Perhaps most disturbing about the present state of the Internet vs. its 1993 counterpart is that anonymity isn’t even required on the part of the harassers. Why bother using anonymity when there are little or no serious policies or enforcement measures taken on major networks? A great many services now have some degree of connectivity with a “real name” service, but that’s not stemming the thousands of paper cuts that are the cause of constant anxiety, and the feeling of utter dread and violation is no less real. For additional reading if you’re unfamiliar with just how prevalent this feeling is: Why Women Aren’t Welcome on the Internet.

At its heart, “If You Can Get to Buffalo” is absurd. Yes, the goofy videogame-inspired settings and situations and theatrical interactions are absurd.
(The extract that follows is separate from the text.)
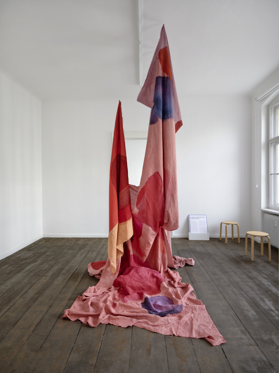 In der Mitte des Raumes von Nadine Schemmann hängt ein großes Gemälde. Es ist schwer zu sagen, wie groß es ist, weil die Leinwand an zwei Punkten an der Decke drapiert und gefaltet hängt – und nicht, wie wir es gewohnt sind, in einem Rahmen an der Wand befestigt ist. Die Farben fließen durch das Gemälde, von Rosa über Rot bis hin zu Tiefblau. Überhaupt scheint alles an diesem Kunstwerk zu fließen, von den ineinander übergehenden Farbschichten bis hin zum Stoff selbst.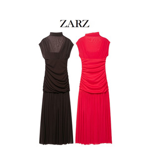 ZARZ 自制 欧美风 新款女装 百搭 时尚 洋气款 绢网拼接连衣裙

Yes, the presumption from outsiders that violations are acceptable as long as they’re done remotely is absurd.

But the thread that connects the two worlds is ordinary humans just doing their damndest to be happy; ultimately, the smug news anchor secretly turns to the Internet with reluctant but palpable excitement at the end of the play, typing away in a chatroom in the hopes of making an exciting new connection. “If you can get to Buffalo…” she says as she types, hoping to connect offline with her newfound Internet compatriats, no longer deriding this cyber-world. In some ways, the play proves that we don’t need VR headsets or increasingly haptic controllers: virtual places can already be startlingly real.